Thus, the Bush and Clinton Administrations demonized the North Korean, Haitian and Bosnian Serb leadership, to the point that we had no effective diplomatic contact. Yet, we were left with a strategy that assumed diplomatic contact--because our allies in Seoul and Tokyo were unwilling to wage war against North Korea; the U.S. Senate was unwilling to support an invasion of Haiti, and the American people were unwilling to occupy Bosnia.

Carter has brilliantly exploited these contradictions to create a unique diplomatic role for himself. Those who criticize him should ask whether there was an alternative. Was the U.S. government, in each case, not in a position where it wanted to shift course but for domestic political reasons found it difficult?
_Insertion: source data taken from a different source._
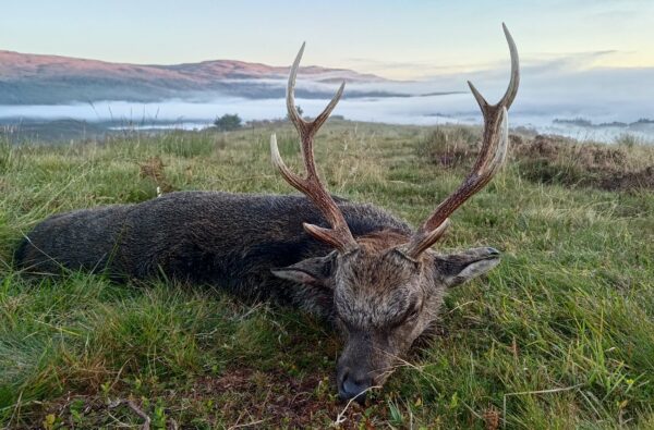 1 Kron & 1 Sikahjort pr. jæger uanset str. efter skyttens anvisning, skotsk ansvarsforsikring samt al transport ifm. m. jagten fra aftalt mødested nær reviret.
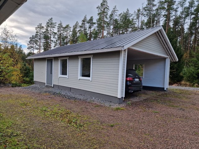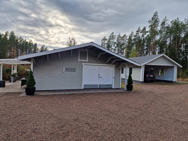 - 2 auton autokatos+ puuvarasto. Talousrakennus, jossa: ulkosauna, varastohuone sekä autotalli. Varastorakennus.
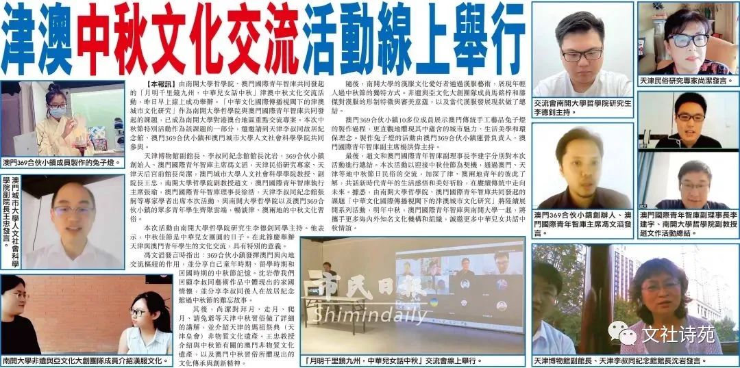 天津博物館副館長、李叔同紀念館館長沈岩,369合夥小鎮創始人、澳門國際青年智庫主席馮文滔,天津民俗研究專家、天津天後宮前館長尚潔,澳門城市大學人文社會科學學院教授、副院長王忠,南開大學哲學院副教授趙文,澳門國際青年智庫執行主席張瑜,澳門國際青年智庫理事長徐浩,天津李叔同紀念館張舸等專家學者出席了本次活動,與南開大學哲學院以及澳門369合夥小鎮的眾多青年學生齊聚雲端,暢談津、澳兩地的中秋文化習俗。
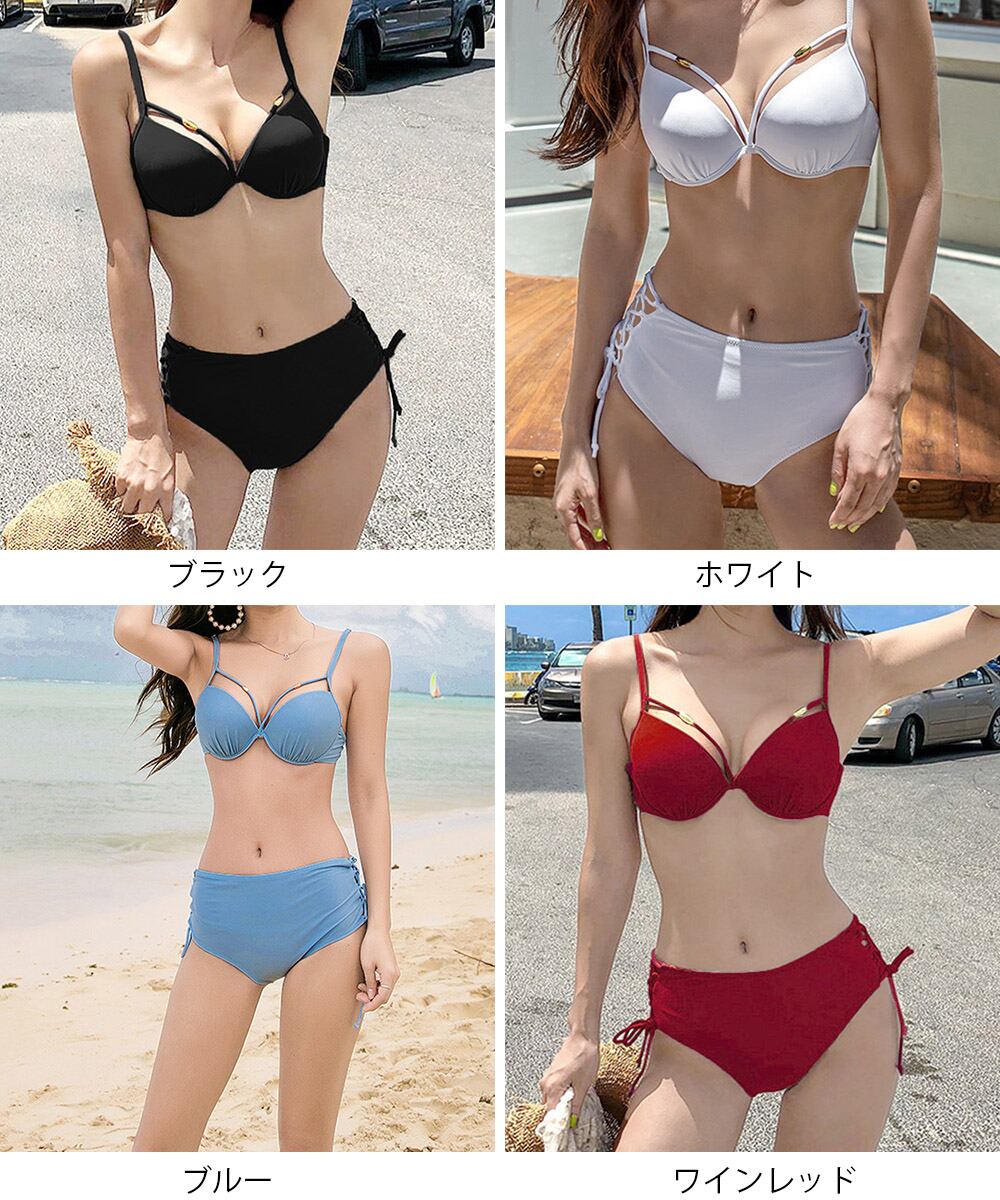 美胸スイムウェア ワイヤー入り 胸ラインビキニ サイドレースアップショーツ 上下2点セット 着やせ 盛れる水着 大人女子

Indeed, when governments demonize one another, there are limited diplomatic opportunities, unless some impartial third party--like Carter--takes the initiative. Thus, the diplomatic breakthrough between Israel and the Palestine Liberation Organization was due to two Norwegian sociologists rather than to the U.S. secretary of state, who could not take an impartial position between Israel and the PLO.

Administrations must learn to exploit these private efforts rather than resist them. If Carter comes up with proposals in Bosnia that trouble Washington, any Administration should be strong enough to say no. But it should also be wise enough to accept a diplomatic opening if one develops that it did not expect and that a former President helped create.